The Salt Lake City (UT) Police Department has about 500 sworn officers protecting a population of more than 192,000. The department became a Lexipol customer in May 2017.
Missing policies, out-of-date policies, policies that were not in compliance with state and federal laws. This was the state of the Salt Lake City Police Department (SLCPD) policy manual when Lt. Scott Mourtgos took it over.
“It was so out of date it referred to processes and positions within the department that didn’t exist anymore,” Lt. Mourtgos says. “We didn’t have a dedicated person responsible for making sure we kept our policies up to date with legislation and case law.” When additions and changes were made, they were often done without consideration to how they affected other parts of the manual, leading to contradictory guidance.
“There were also areas where we were providing deficient guidance to our officers,” Lt. Mourtgos says. “Our Temporary Custody of Juveniles Policy was missing key state and federal legal requirements. We didn’t have a nepotism policy or a service animal policy. Our Public Alerts Policy didn’t cover Blue Alerts.”
Distribution and tracking of policy updates posed another challenge. “We would send a Chief’s Order saying the policy had been updated and requiring officers to read it,” Lt. Mourtgos says. “But there was no accountability system—we didn’t know if it was reaching the officers and if it was being read.”
The risks associated with SLCPD’s policies came into focus at a training conference attended by department administrators. “The instructors stressed how common agency problems stem from a lack of policy, failure to keep policies updated and a lack of training on policies,” Lt. Mourtgos says.
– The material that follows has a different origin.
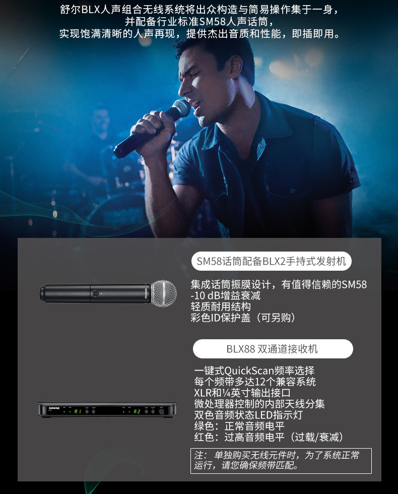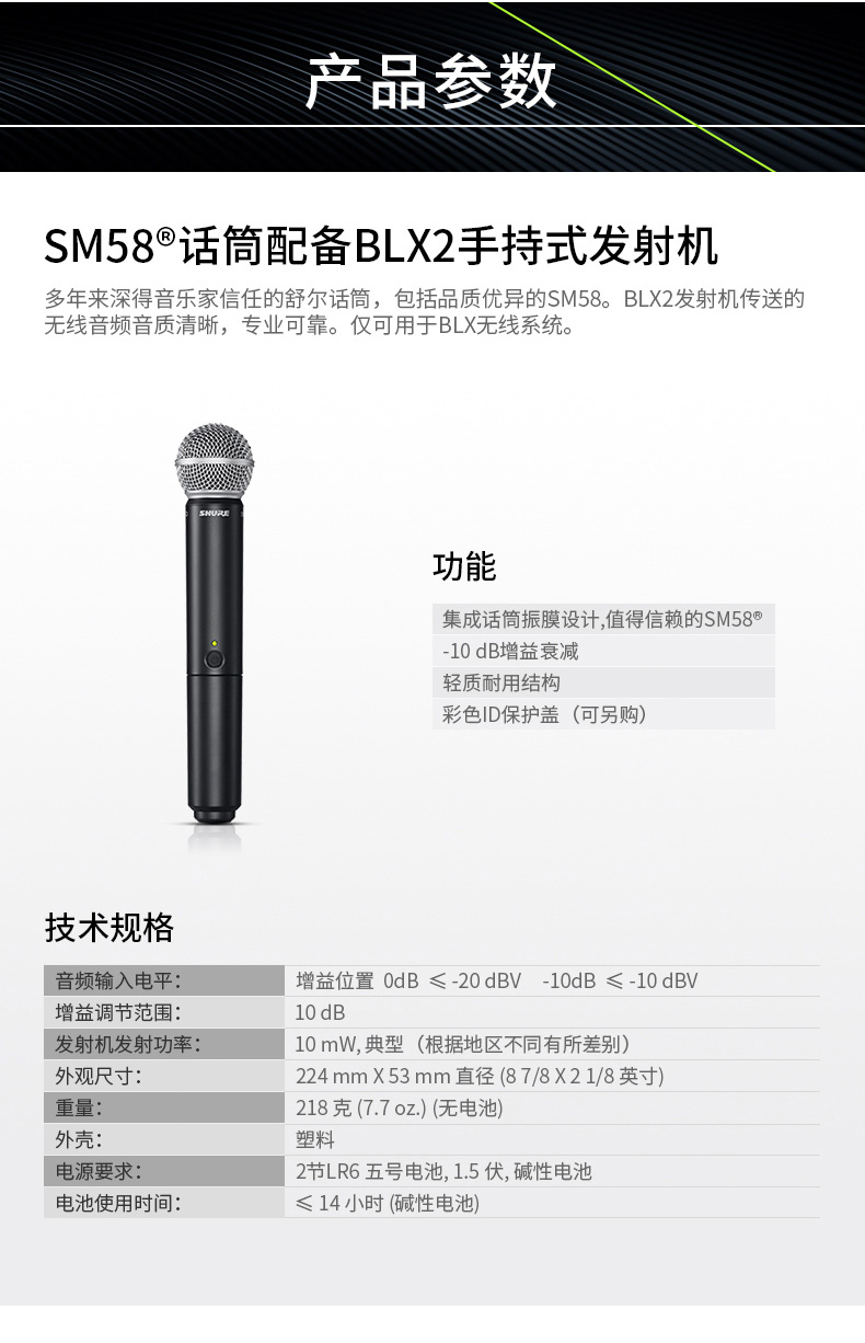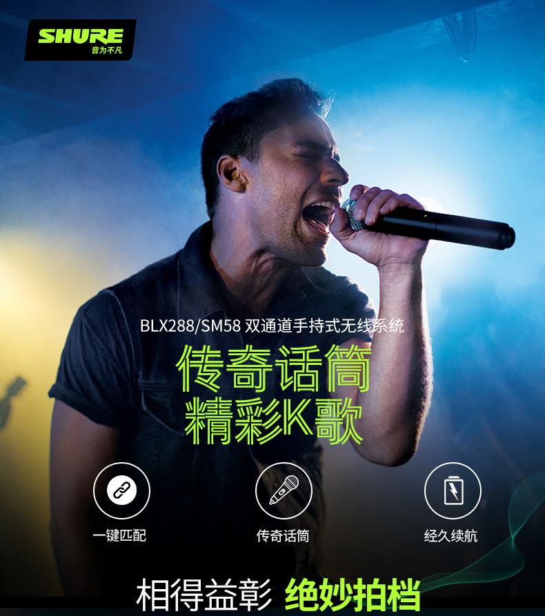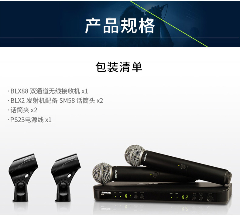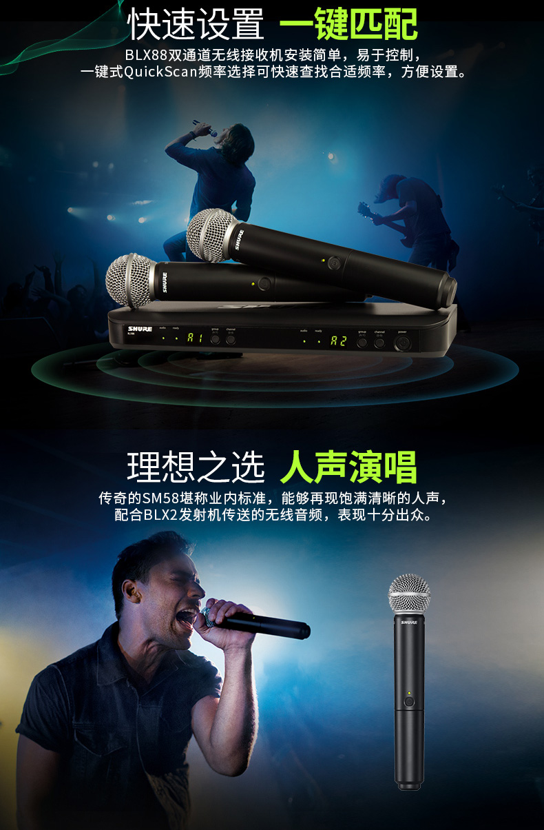 商品名称:Shure/舒尔 BLX288/SM58 专业一拖二无线话筒家庭K歌演出会议专用

Securing a policy solution became a priority—one that ratcheted to the top of the list when the department found itself involved in a high-profile policy incident a short time later.
The SLCPD evaluated several policy solutions, but ultimately chose Lexipol’s Utah Law Enforcement Policies and Training solution. “What we were specifically looking for was a content provider as well as the policy system,” Lt. Mourtgos says. “Lexipol was the only one in the market with content—and good content.”
Another feature that played large in the decision was the policy updates Lexipol customers receive. “The updates are huge for us because it’s impossible to stay on top of all of it yourself, even if you have a dedicated policy person,” Lt. Mourtgos says. “I followed our state legislature, but there are state regulatory changes, federal legislation and case law I’d never know about without getting the updates from Lexipol.”
The SLCPD used Lexipol’s Implementation Services to streamline the adoption of the new policies. “Implementation Services went through all our old content and indexed it against the Lexipol content, telling us where it lines up with the new manual,” Lt. Mourtgos says. “Having the Implementation Services folks do it was much faster, much easier and much more comprehensive than anything we could have done on our own. It was well worth paying for.”
The department also used Lexipol’s Supplemental Publication Service to separate policies from procedures, allowing the agency to meet transparency goals without making tactical information public, which could put officers in jeopardy. “Lexipol allows us to separate policy and procedure but build the links between the two, so officers don’t have to go back and forth between two documents or systems,” Lt. Mourtgos says.
Lexipol has helped the SLCPD achieve three key policy goals: 1) Improve policy content, 2) enhance user access and accountability, and 3) improve officer understanding of policies.
Although the department’s manual is longer after implementing Lexipol, Lt. Mourtgos says the officers appreciate the guidance. “Now they have a reference to go to, when sometimes before they were just winging it,” he says. “We’re not missing things; it’s comprehensive.”
As for accessibility and accountability, “we absolutely love the mobile app,” Lt. Mourtgos says. “All our officers have iPhones, so they can instantly access the policies. And with the system’s tracking and reporting features, we can run periodic audits to make sure officers are reading and acknowledging the policies. Once officers realized we were doing that, our compliance rates went through the roof.”
Finally, from the monthly Daily Training Bulletin (DTB) packages provided by Lexipol, the department selects several that “line up well with something we’ve dealt with recently or that we feel the need to review,” Lt. Mourtgos says. “Once a week everyone’s got to sit down and think about a policy issue they never would otherwise.”
The end result: “More peace of mind,” Lt. Mourtgos says. “We have the most current, best practice policies out there. And we know our people are actually getting the policies. Before we had no accountability when it came to policies. Now we do.”